Went fishing, saw an eagle flying around, caught these three fishes then went to walmart and got some m&ms because I like them


----------



## aquatic argobull (Mar 2, 2009)

How many pots have you smoken today? :blink: Awesome fish! I bet those were a blast to fight from shore :thumbsup:


----------



## Chris V (Oct 18, 2007)

Gotta be peanut or peanut butter M&Ms though.


----------



## Matt09 (Jun 6, 2008)

aquatic argobull said:


> How many pots have you smoken today? :blink: Awesome fish!

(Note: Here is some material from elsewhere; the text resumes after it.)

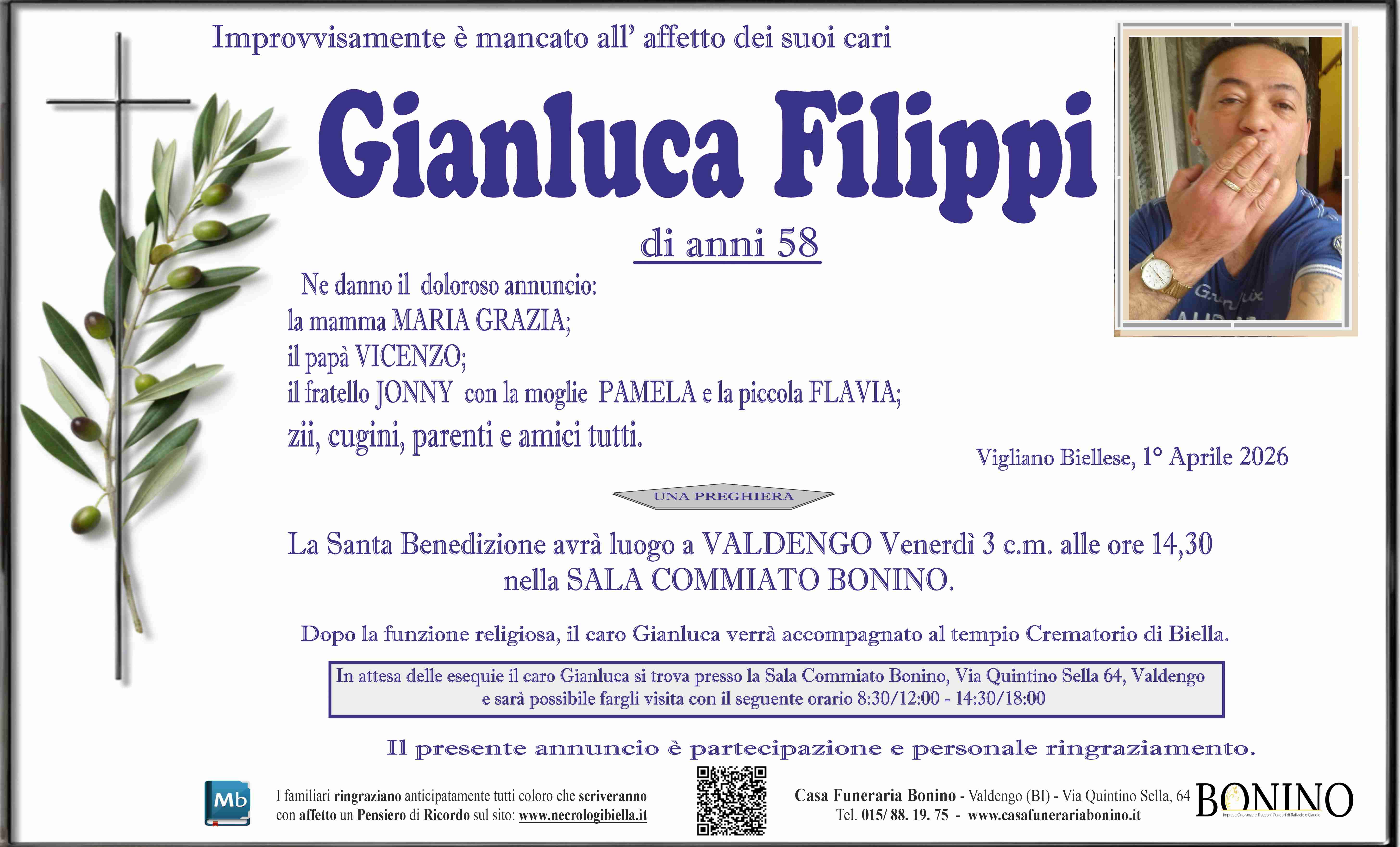 I familiari ringraziano anticipatamente tutti coloro che parteciperanno alla cerimonia funebre

I bet those were a blast to fight from shore :thumbsup:


Lmao


----------



## osborne311 (Aug 1, 2011)

Those things are a blast from the sand. Nice catch and love the pithy report.


----------



## keperry1182 (Oct 6, 2010)

The longer I think about this the funnier it gets. Nice fish


----------



## HisName (Nov 29, 2009)

are they Drum's ?


Dark Chocolate peanut M&M's for me


----------



## osborne311 (Aug 1, 2011)

HisName said:


> are they Drum's ?
> 
> 
> Dark Chocolate peanut M&M's for me


Black Drums and I am guessing the M&M's are the good ol regular ones.


----------



## Redtracker (Dec 28, 2011)

Yes that was funny


----------



## Boliver T Wheelock (Feb 28, 2010)

*Bald Eagles*

We have two active eagle nests in Escambia. The newest is off Gulf Beach Hwy north of the beach shown. The other is on Perdido Bay. I have seen the eagles from the Perdido nest many times.


----------



## lastcast (Oct 12, 2007)

Hadn't seen them lately but about 2 months ago there was a pair hanging out in the swamp across from boats at Sherman.


----------



## osborne311 (Aug 1, 2011)

What about those nests off hwy 90 bridge going into Pace? I have noticed eagles fishing over there by Jims fish camp but wondered if those are eagle nests or GBH nests.


----------



## Todd (May 16, 2010)

For you folks that like eagles, here is a photo I took from my backyard. For you folks that like m&ms, here is a photo of the m&ms I got yesterday. Today was a slow fishing day...


----------



## no woryz (Oct 2, 2007)

swore I saw an Bald Eagle in Molino last week.... anybody else seen it?


----------



## EODangler (Apr 7, 2011)

Peanut Butter is where it's at!

Cool pic of the eagle too.


----------